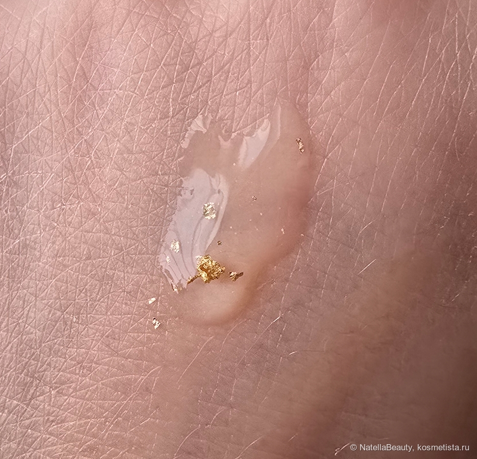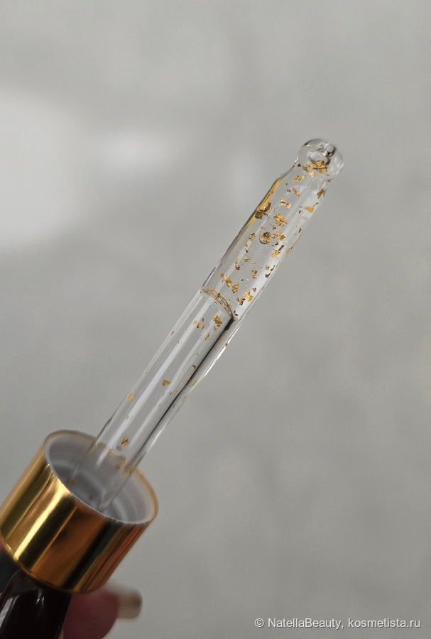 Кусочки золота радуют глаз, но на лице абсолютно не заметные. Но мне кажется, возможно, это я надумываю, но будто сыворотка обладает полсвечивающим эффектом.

--

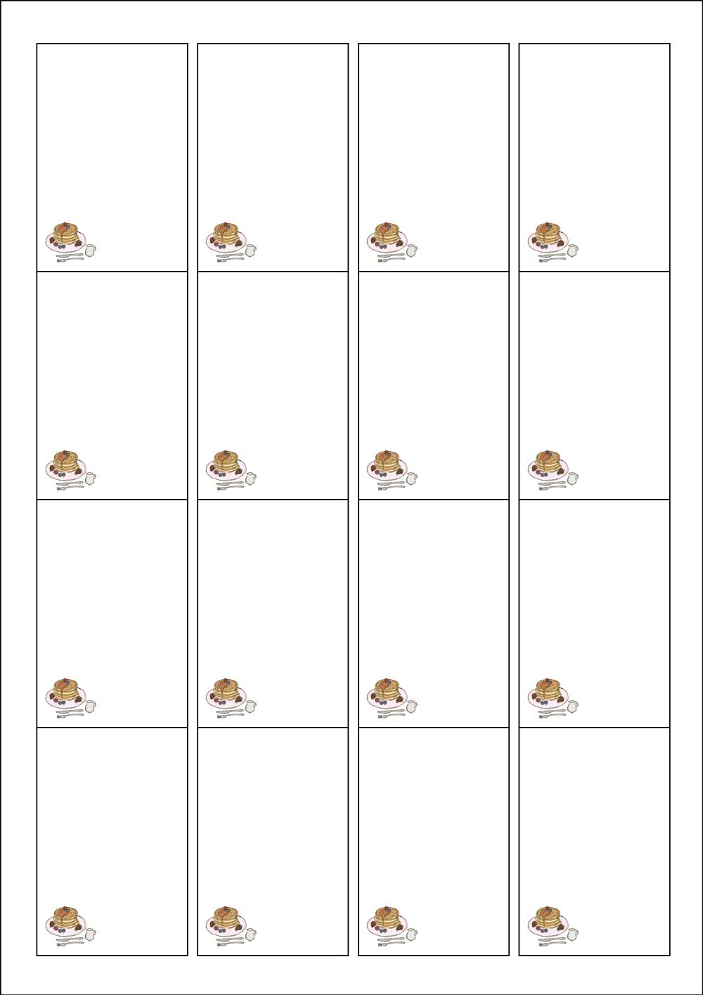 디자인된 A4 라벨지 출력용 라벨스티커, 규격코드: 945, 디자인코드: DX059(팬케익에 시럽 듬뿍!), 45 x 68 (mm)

* * *

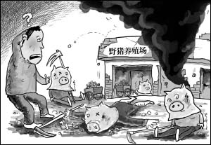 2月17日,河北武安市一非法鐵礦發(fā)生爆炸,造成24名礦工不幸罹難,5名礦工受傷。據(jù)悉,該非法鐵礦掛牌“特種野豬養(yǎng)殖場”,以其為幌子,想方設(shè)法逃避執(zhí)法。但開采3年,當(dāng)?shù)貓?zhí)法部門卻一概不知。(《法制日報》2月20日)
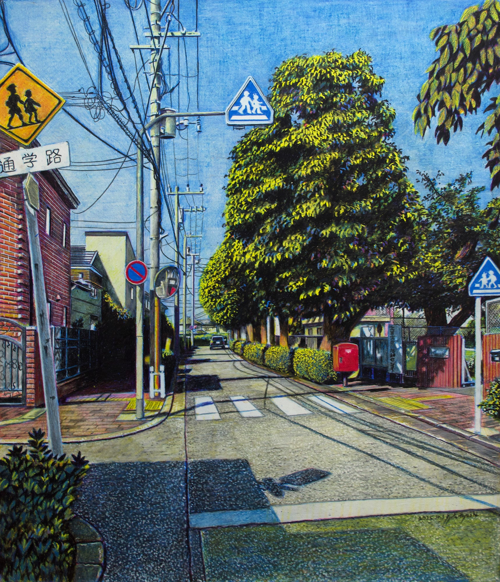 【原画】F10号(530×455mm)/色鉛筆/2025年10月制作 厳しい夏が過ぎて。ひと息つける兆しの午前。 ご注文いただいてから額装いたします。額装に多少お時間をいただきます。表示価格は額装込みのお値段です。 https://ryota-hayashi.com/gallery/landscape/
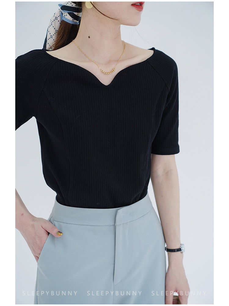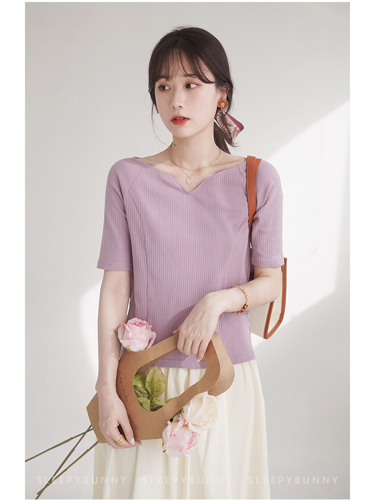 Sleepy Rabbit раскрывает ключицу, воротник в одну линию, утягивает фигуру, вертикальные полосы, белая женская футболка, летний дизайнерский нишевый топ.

| YOUR TASK |
Please set down, exactly and with no pictures, the lines in the entries above starting at the one holding "2月17日,河北武安市一非法" and ending at the one holding "Sleepy Rabbit раскрывает", ends included.

| TASK RESULT |
 2月17日,河北武安市一非法鐵礦發(fā)生爆炸,造成24名礦工不幸罹難,5名礦工受傷。據(jù)悉,該非法鐵礦掛牌“特種野豬養(yǎng)殖場”,以其為幌子,想方設(shè)法逃避執(zhí)法。但開采3年,當(dāng)?shù)貓?zhí)法部門卻一概不知。(《法制日報》2月20日)
 【原画】F10号(530×455mm)/色鉛筆/2025年10月制作 厳しい夏が過ぎて。ひと息つける兆しの午前。 ご注文いただいてから額装いたします。額装に多少お時間をいただきます。表示価格は額装込みのお値段です。 https://ryota-hayashi.com/gallery/landscape/
 Sleepy Rabbit раскрывает ключицу, воротник в одну линию, утягивает фигуру, вертикальные полосы, белая женская футболка, летний дизайнерский нишевый топ.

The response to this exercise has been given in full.